• Mental Health
  • Independent mental health service

Broomhill

Overall: Requires improvement read more about inspection ratings

Holdenby Road, Spratton, Northampton, Northamptonshire, NN6 8LD

Provided and run by:
St. Matthews Limited

Report from 25 April 2024 assessment

Safe

Requires improvement

Updated 20 August 2024

We identified some areas of concern under the safe key question which will require

an action plan under the medicine’s optimisation quality statement. Staff completed

medicines audits but there was a lack of oversight of medicines management.

Actions needed as identified through pharmacist audits had not been actioned by

staff. Staff did not consistently adhere to the providers medicines disposal policy.

Staff had completed some expiry date labels incorrectly. Care plans specific to

certain high-risk medicines lacked detail. Four registered nurses we spoke with were

unable to tell us what drugs should be used in the event of an opioid or

benzodiazepine overdose. While the hospital had an identified infection prevention

and control lead, they had not identified infection prevention and control champions,

in line with their policy. Though staff told us they did have a plan in place to address

this.

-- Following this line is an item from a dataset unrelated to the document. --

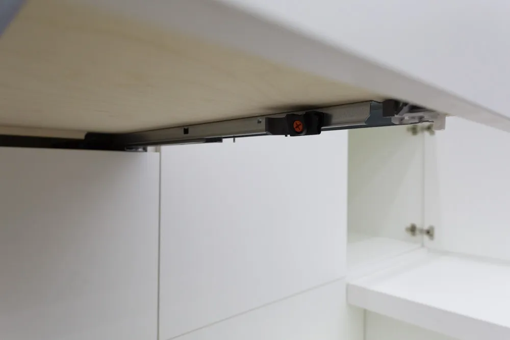 Направляющие полного выдвижения скрыты под корпусом ящиков.

We saw that clinical staff undertook the complex ligature risk assessment across

all wards, but we were unclear if these staff had received relevant training to

complete this task. Actions needed were recorded on a separate estates plan with

anticipated dates for completion. We noted that many items needed removing from

the environment. Estates staff were not involved in this assessment which was

unusual. However, staff reported and investigated safety events and incidents.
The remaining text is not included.